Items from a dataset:
__________

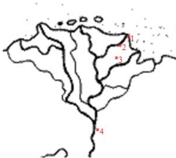
2. térkép. A Damiettaért folyó harc főbb helyszínei.

1. Jeruzsálem, 2. Damietta, a kézzel jelölt rész a Jeruzsálemi Királyság ekkori területét jelöli.
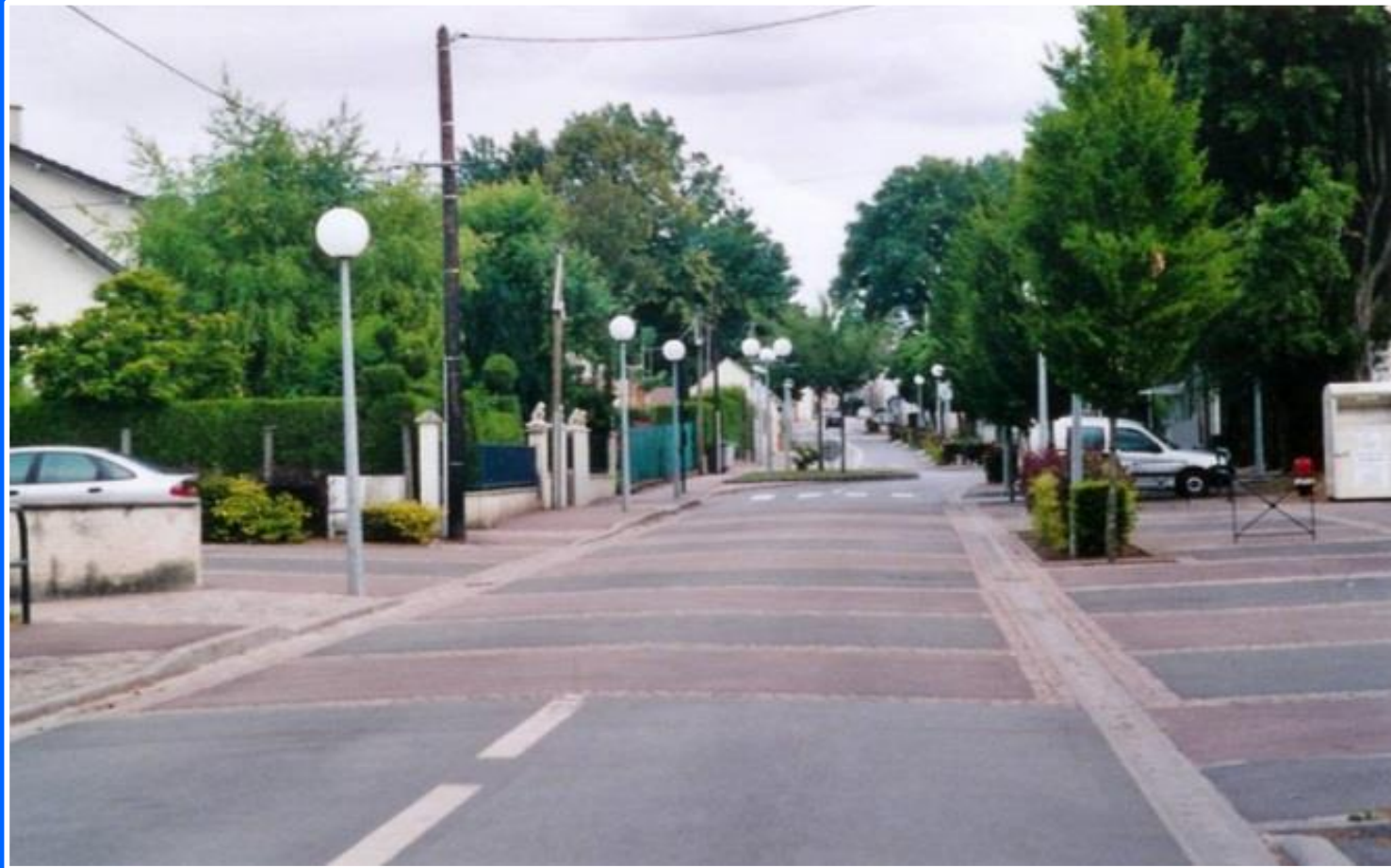
Survilliers, France
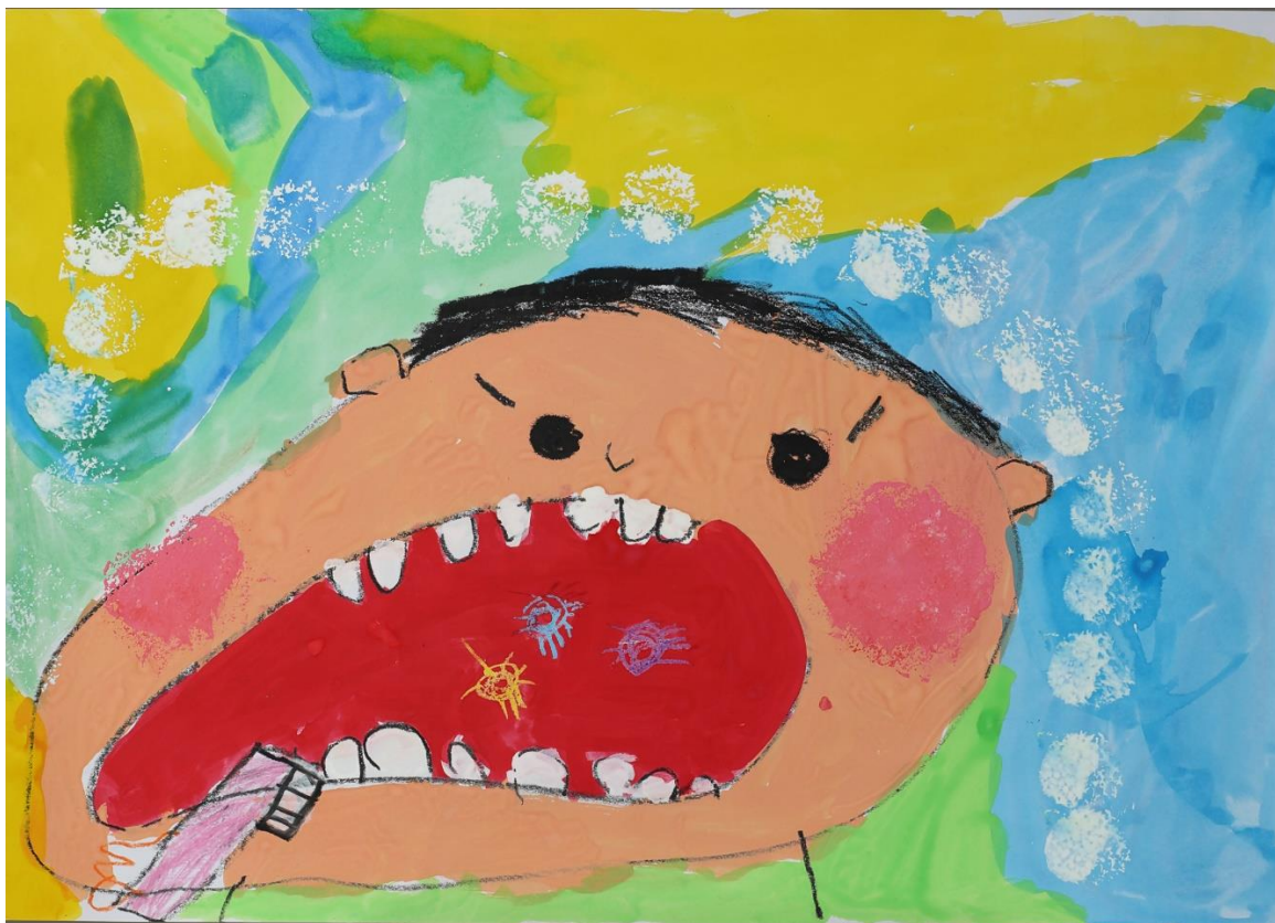
新見市立哲西認定こども園 山本 桜愛 (やまもと さえ)
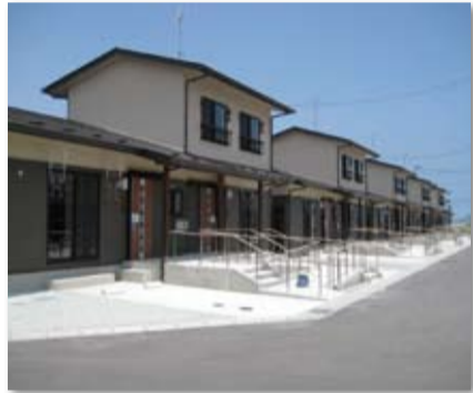
山元町・新山下駅周辺地区(第1期) (平成25年6月完成)

__________

**PROBLEM TO WORK ON**
Write out all the entries again, word for word, and print no images.

**RESULT OF THE TASK**
2. térkép. A Damiettaért folyó harc főbb helyszínei.

1. Jeruzsálem, 2. Damietta, a kézzel jelölt rész a Jeruzsálemi Királyság ekkori területét jelöli.
Survilliers, France
新見市立哲西認定こども園 山本 桜愛 (やまもと さえ)
山元町・新山下駅周辺地区(第1期) (平成25年6月完成)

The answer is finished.